We'll load Mistral-7B with 4-bit quantization and compare VRAM usage.

In [None]:
# Configuration
MODEL_NAME = "mistralai/Mistral-7B-Instruct-v0.3"
OUTPUT_DIR = "./checkpoints/ecommerce-qlora"

# Create output directory
os.makedirs(OUTPUT_DIR, exist_ok=True)

print(f"Model: {MODEL_NAME}")
print(f"Output directory: {OUTPUT_DIR}")

In [None]:
def get_gpu_memory():
    """Get current GPU memory usage in GB."""
    if torch.cuda.is_available():
        allocated = torch.cuda.memory_allocated() / 1e9
        reserved = torch.cuda.memory_reserved() / 1e9
        return allocated, reserved
    return 0, 0

def print_gpu_memory(label=""):
    """Print current GPU memory usage."""
    allocated, reserved = get_gpu_memory()
    print(f"{label}")
    print(f"  GPU Memory Allocated: {allocated:.2f} GB")
    print(f"  GPU Memory Reserved:  {reserved:.2f} GB")

# Initial memory
print_gpu_memory("Initial GPU Memory:")

In [None]:
# Define 4-bit quantization configuration
bnb_config = BitsAndBytesConfig(
    load_in_4bit=True,                    # Enable 4-bit quantization
    bnb_4bit_quant_type="nf4",           # Use NormalFloat4 format
    bnb_4bit_compute_dtype=torch.bfloat16, # Compute in BF16 for stability
    bnb_4bit_use_double_quant=True,       # Enable double quantization
)

print("BitsAndBytes Configuration:")
print(f"  load_in_4bit: {bnb_config.load_in_4bit}")
print(f"  bnb_4bit_quant_type: {bnb_config.bnb_4bit_quant_type}")
print(f"  bnb_4bit_compute_dtype: {bnb_config.bnb_4bit_compute_dtype}")
print(f"  bnb_4bit_use_double_quant: {bnb_config.bnb_4bit_use_double_quant}")

In [None]:
# Load tokenizer
print("Loading tokenizer...")
tokenizer = AutoTokenizer.from_pretrained(MODEL_NAME, trust_remote_code=True)

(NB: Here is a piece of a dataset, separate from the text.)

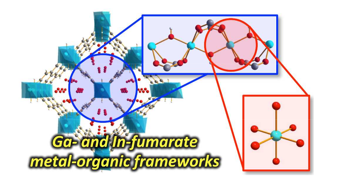 The properties and applications of metal-organic frameworks (MOFs) are strongly dependent on the nature of the metals and linkers employed, along with the specific conditions employed during synthesis. Al-fumarate, trademarked as Basolite A520, is a porous MOF that incorporates aluminum centers along with fumarate linkers, and is a promising material for applications involving adsorption of gases such as CO2. In this work, the solvothermal synthesis and detailed characterization of the gallium and indium fumarate MOFs (Ga-fumarate, In-fumarate) are described. Using a combination of powder X-ray diffraction, Rietveld refinements, solid-state NMR spectroscopy, infrared spectroscopy, and thermogravimetric analysis, the topologies of Ga-fumarate and In-fumarate are revealed to be analogous to Al-fumarate. Ultra-wideline 69Ga, 71Ga and 115In NMR experiments at 21.1 T strongly support our refined structure. Adsorption isotherms show that the Al-, Ga-, and In-fumarate MOFs all exhibit an affinity for CO2, with Al-fumarate the superior adsorbent at 1 bar and 273 K. Static direct excitation and cross-polarized 13C NMR experiments permit investigation of CO2 adsorption locations, binding strengths, motional rates, and motional angles that are critical to increasing adsorption capacity and selectivity in these materials. Conducting the synthesis of the indium-based framework in methanol demonstrates a simple route to introduce porous hydrophobicity into a MIL-53-type framework, by incorporation of metal-bridging –OCH3 groups in the MOF pores.

# Set padding token (required for training)
if tokenizer.pad_token is None:
    tokenizer.pad_token = tokenizer.eos_token
    tokenizer.pad_token_id = tokenizer.eos_token_id

tokenizer.padding_side = "right"  # Required for causal LM training

print(f"Vocabulary size: {tokenizer.vocab_size:,}")
print(f"Pad token: {tokenizer.pad_token}")
print(f"EOS token: {tokenizer.eos_token}")

In [None]:
# Load model with 4-bit quantization
print("\nLoading model with 4-bit quantization...")
print("(This may take a few minutes on first download)")

model = AutoModelForCausalLM.from_pretrained(
    MODEL_NAME,
    quantization_config=bnb_config,
    device_map="auto",
    trust_remote_code=True,
    torch_dtype=torch.bfloat16,
)

print("\nModel loaded successfully!")
print_gpu_memory("GPU Memory After Loading 4-bit Model:")

In [None]:
# Show model architecture summary
print("\nModel Architecture Summary:")
print(f"  Model type: {model.config.model_type}")
print(f"  Hidden size: {model.config.hidden_size}")
print(f"  Num layers: {model.config.num_hidden_layers}")
print(f"  Num attention heads: {model.config.num_attention_heads}")
print(f"  Vocab size: {model.config.vocab_size:,}")

# Count parameters
total_params = sum(p.numel() for p in model.parameters())
trainable_params = sum(p.numel() for p in model.parameters() if p.requires_grad)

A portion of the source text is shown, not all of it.